Сборник "Святые Отцы о молитве и трезвении"

13) Правость и чистоту жизни ничто так не может установить и утвердить, как частое бывание здесь в храме, и усердное слушание Слова Божия. Ибо что пища для тела, то для души научение божественными словесами. «Не о хлебе единомъ живъ бываетъ человек, но о всяком глаголе исходящем из уст Божиих» (Втор. 8, 3), Почему и не причащение сей трапезы производит своего рода голод. И Бог угрожает им и наводит его, как наказание и кару. «Послю, говорит Господь глад на землю, не глад хлеба, ни жажду воды, но глад слышания слова Господня» (Амос. 8, 11). Как же после сего не неуместно будет, для отстранения глада телесного, все делать и предпринимать, а душевный глад самим себе добровольно причинять, тогда как он гораздо бедственнее первого, — настолько, насколько в важнейшем терпится и ущерб от него. Прошу же вас и молю, не будем устроять против себя такого злого навета, но всякому другому делу и занятию будем предпочитать пребывание здесь (в храме). Ибо скажи мне, что можешь ты приобрести такого, что могло бы равняться вреду и для тебя и для дома твоего от оставления церковного собрания? Хотя бы ты нашел сокровищницу, всю битком наполненную золотом, и ради того не пришел сюда, — все больший потерпишь ты вред, — настолько больший, насколько духовное ценнее чувственного. Того хоть бы и много было, и оно отвсюду больше и больше стекалось, — не велико дело; потому что оно не будет сшествовать нам в тамошнюю (загробную) жизнь, не преселится с нами на небо и не предстанет пред страшным престолом, а почасту даже и прежде кончины оставляет нас и разслывается, если же и остается в наших руках до конца жизни, всячески самою кончиною отъемлется у нас. А духовное сокровище есть неотъемлемое стяжание, — всегда сопутствует нам, последует за нами при переселении отселе, и пред престолом Судии подает нам великое дерзновение [1, 800—1].

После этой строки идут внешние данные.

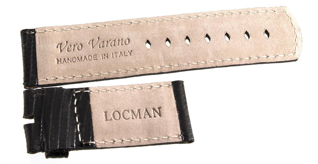 LOCMAN 24mm x 24mm Black Leather Watch Band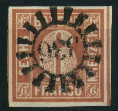 6 Kr braun, Freimarke, Wertziffer im Viereck (Quadratausgabe), allseits breitrandig, Stempel nach SEM 2.--, rückseitig sauber, sehr schönes Stück !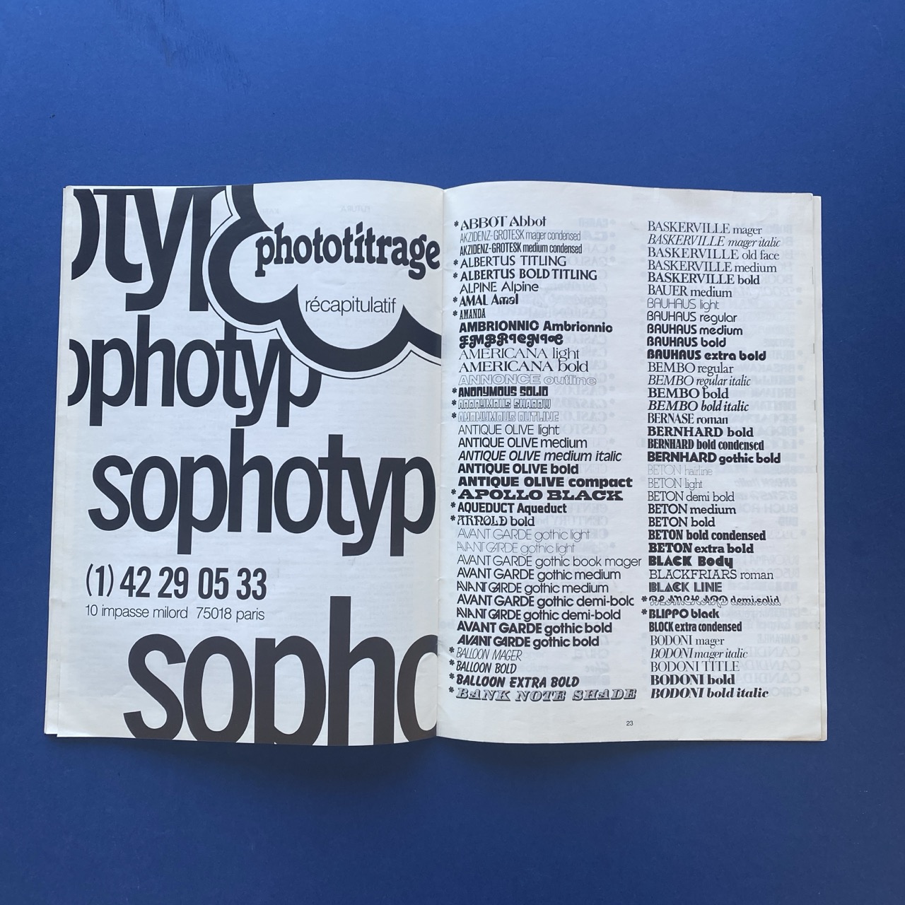 Sophotyp, Référence 8 & Photocomposition évolutive, Paris, 1980s, 24 x 34 x 5 cm, 895 pp. Set of 2 volumes. Catalogue in good condition; the cover is in rough condition.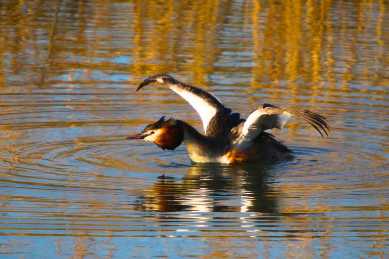 Keywords: nature water bird great crested grebe wing stretch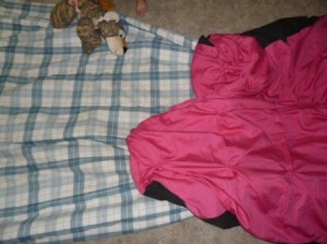 STEP 7: Insert an old comforter. Like this one I got for my high school graduation to take with me to college…..over 10 years ago!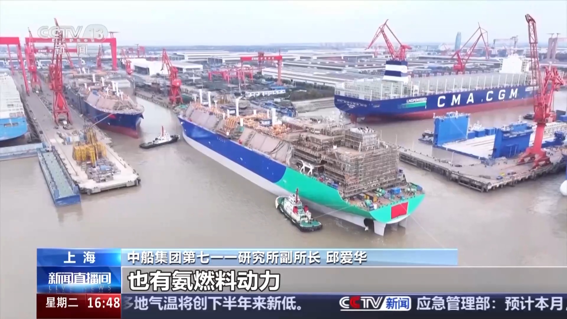 中船集团第七一一研究所副所长 邱爱华:这几年从整体新船的订单来讲,新能源的动力占比也是越来越高,动力的形式也是多样化的。有LNG动力,也有甲醇动力,也有氨燃料动力,同时也有带着储能电池的混合动力,这也是未来船舶动力形势发展方向。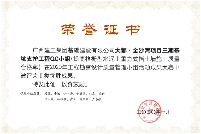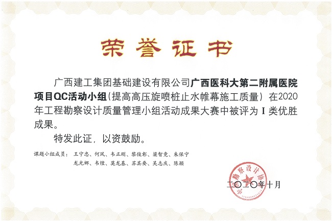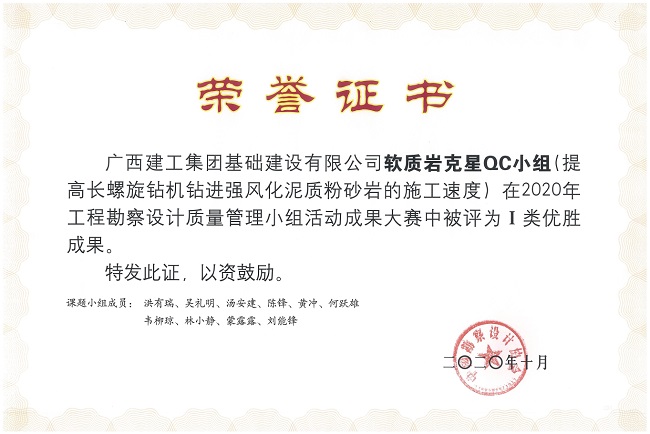 据悉,2020年基础公司共申报广西工程建设(勘察设计)质量管理小组成果12项,其中5项获评为自治区一等奖,并获广西勘察设计协会推荐至中国勘察设计协会参加2020年工程勘察设计质量管理小组活动成果大赛,最终公司质量管理小组活动优秀成果《提高高压旋喷桩止水帷幕施工质量》《提高长螺旋钻机钻进强风化泥质粉砂岩的施工速度》《提高格栅型水泥土重力式挡土墙施工质量合格率》3项内容获评为全国Ⅰ类成果,公司在该奖项上实现零的突破。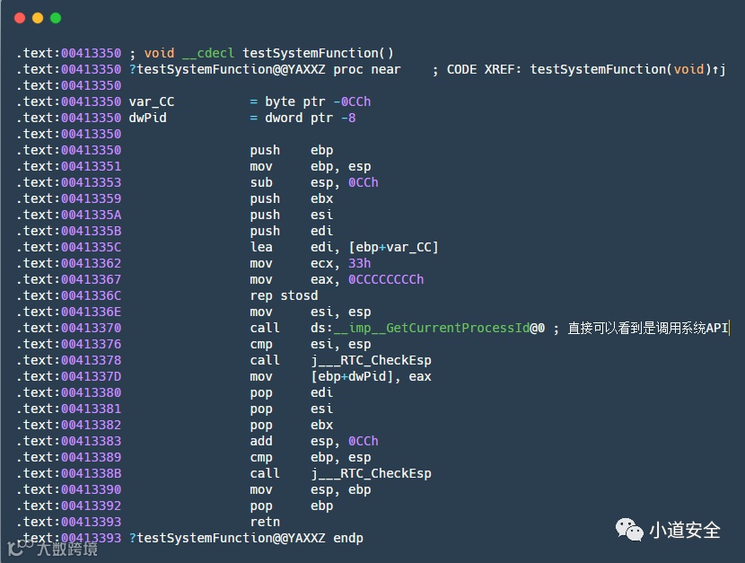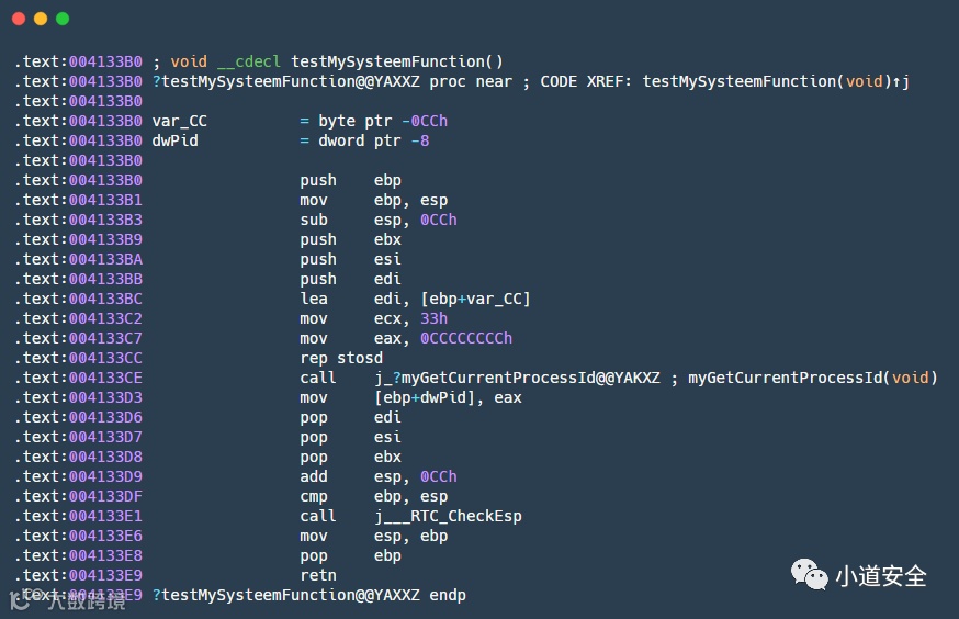 下图展示上面函数通过调用系统函数实现的汇编代码。大家可以直接通过展示的系统函数去分析功能。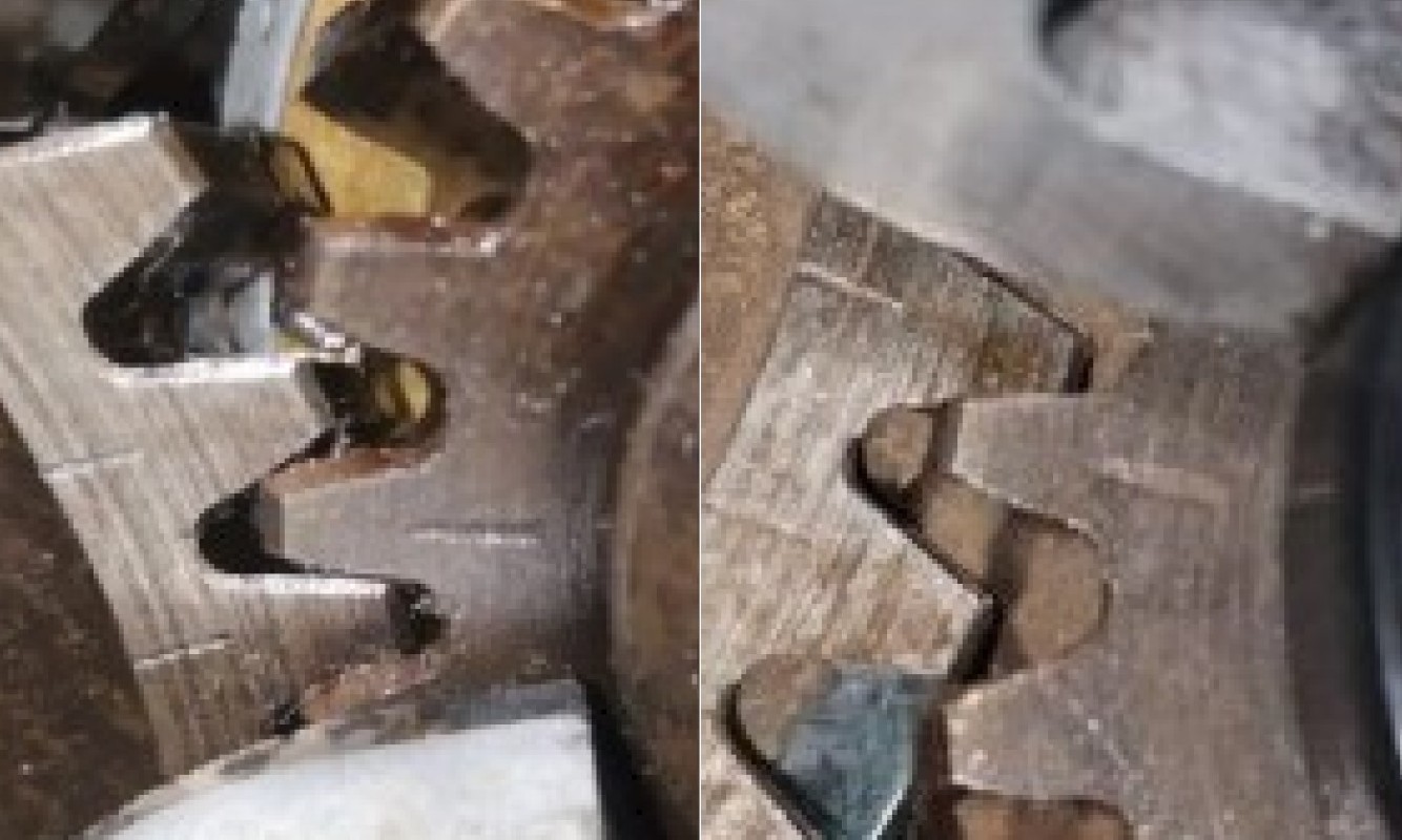 On remarque également d'après les anciennes traces d'usure que c'était déjà le cas avant, la roue Vilebrequin n'étant pas usée sur le bord
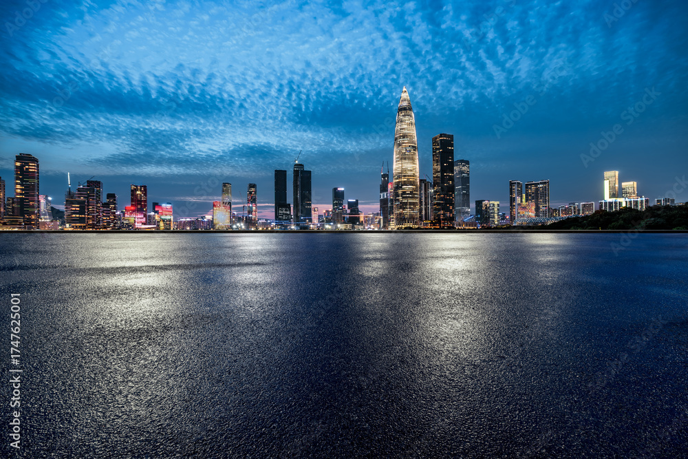 Obraz Pejzaże - Empty asphalt road with the illuminated modern city skyline at night in Shenzhen, China. #1747625001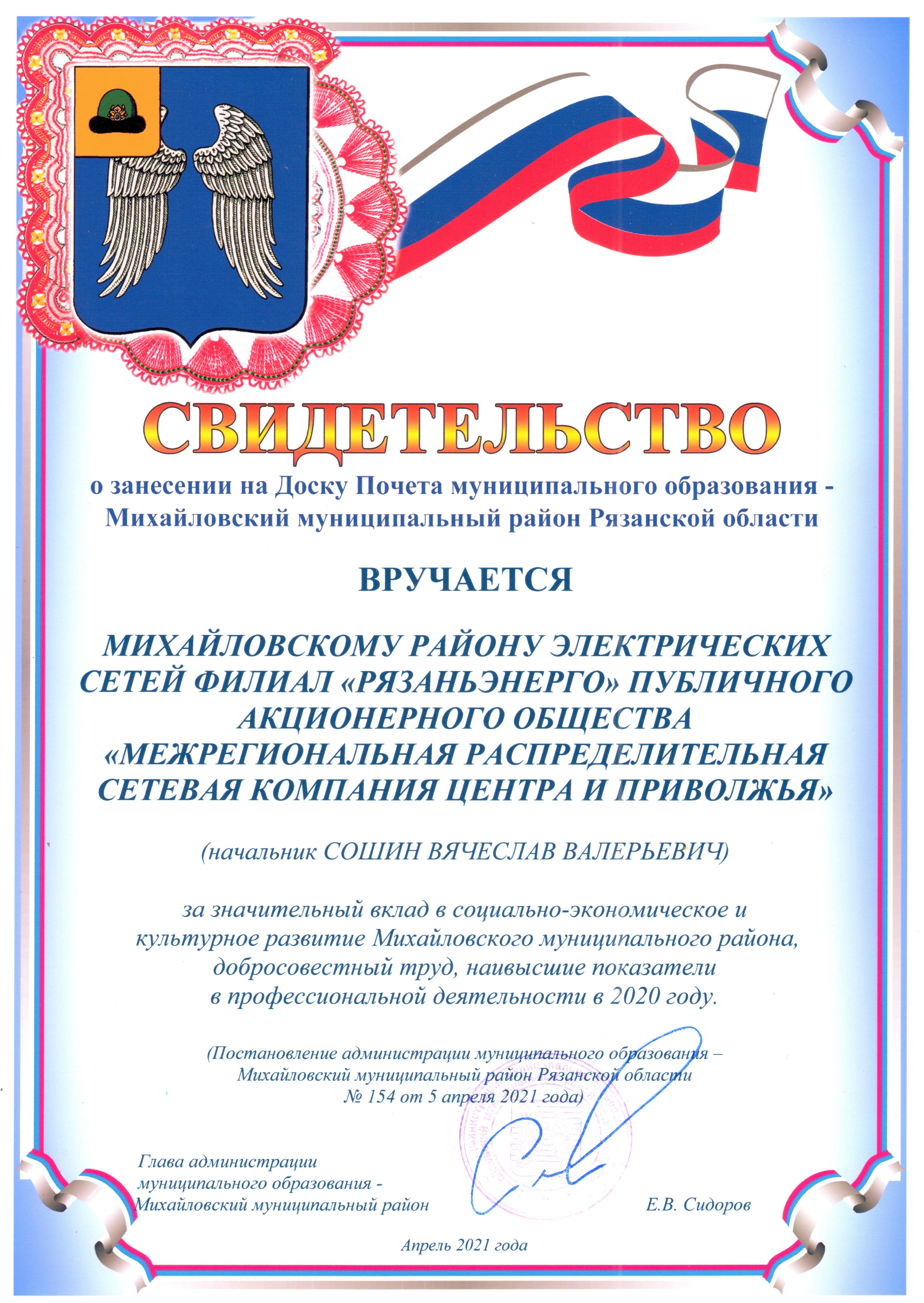 «Рязаньэнерго» занесли на Доску Почёта Михайловского района Рязанской области

14) Двоякий получаем мы плод от бывания на церковных собраниях. Не то только бывает плодом сего, что мы души свои напаяем божественными словесами, но еще и то, что мы чрез то врагов своих покрываем крайним стыдом, а братьям нашим доставляем утешение и оживление. —

Ибо если камень о камень тромый скоро извлекает искру, если и тогда, как камень холоден, а огонь горяч, соударение их, побеждает естество;—то, если с камнем это бывает, не тем ли паче будет с душами, когда они одна о другую станут тереться и взаимно согреваться огнем духа? [1, 801].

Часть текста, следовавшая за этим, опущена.